24 октября мы начали совершенно секретно проводить мобилизацию. Общественность - и, вероятно, египетская разведка тоже - решила, что ввиду угрожающего вступления иракских войск в Иорданию (примкнувшую недавно к объединенному египто-сирийскому командованию), мы готовимся отразить нападение: сосредоточение наших войск на иорданской границе придавало вероятность этим слухам. За неделю до Синайской кампании в министерстве иностранных дел была устроена конференция израильских послов, частично для того, чтобы я могла встретиться с важнейшими из наших представительств за границей прежде, чем начнется Генеральная Ассамблея ООН. Они все вернулись на места за четыре дня до начала войны, ничего о ней не подозревали. Только Яаков Цур, наш посол в Париже, знал, о чем идет речь. Шарет, отправившийся в Индию как только я приняла министерство, беседовал с Неру, когда пришло известие о том, что началась война, и Неру не мог поверить, что его собеседник ничего не знал заранее. Но полная секретность была жизненно необходима.

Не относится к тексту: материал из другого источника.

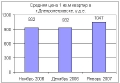За ноябрь 2006-январь 2007 гг. средняя цена 1м2 квартир больше всего (в среднем на 108 у.д.е.) возросла в следующих зонах: Левобережный-3, Кирова середина, Победа 1-4, Нагорный. В группу среднего роста цен попали зоны, в которых средний рост цены 1м2 квартир составил 55 у.д.е.: Кирова (верх, середина), Титова, пр..Правды, Центр, Рабочая (середина, низ), 12 квартал, Клочко, Кр.Камень, Гагарина, Петровского, Тополь, Западный, Г.Сталинграда, Победа 5-6, Фрунзенский, Приднепровский, Коммунар.

Как часто хотелось мне в последние недели перед войной и в министерстве, и в резиденции министра иностранных дел, куда я переехала летом и все еще старалась организовать свой быт, поговорить хоть с кем-нибудь о том, что произойдет 29 октября! Неестественно для человека молчать о том, что, он знает, изменит жизнь всех окружающих, и для того чтобы молчать, нужно делать сверхчеловеческие усилия. Куда бы я ни пошла, что бы ни делала, я ни на минуту не забывала, что через несколько дней мы вступим в войну. Я не сомневалась, что мы победим, но какой бы великой ни была наша победа, предстоят великие страдания и опасности, смотрела на молодых людей в министерстве, на парня, доставлявшего мне газеты, на рабочих-строителей напротив моего дома и думала о том, что будет с ними, когда начнется война. Невеселые это были мысли, но не было у нас другого способа отделаться от федаинов или заставить Египет понять, что Израиль не проглотишь. Последний уик-энд этого длинного жаркого октября я провела в Ревивиме, с Саррой, Зехарией и детьми. Шаулу было тогда шесть месяцев, это был прекрасный ребенок, которого я не видела со дня его рождения. Я старалась не думать о войне по дороге в киббуц, но это было невозможно. Если дела пойдут плохо, то египетская армия будет пробивать себе дорогу в Израиль через Негев, через Ревивим. Я играла с детьми, сидела с Саррой и Зехарией в тени молодых деревьев, которыми Ревивим так гордился, вечером, как все израильтяне, разговаривала с нашими общими друзьями о международном положении - а это в любом году означает: об угрозе существованию Израиля. И все время я думала «Неужели так будет продолжаться вечно - тревога о детях и внуках, война, убийства и смерть?» Но я даже не могла предупредить их о том, что предстоит.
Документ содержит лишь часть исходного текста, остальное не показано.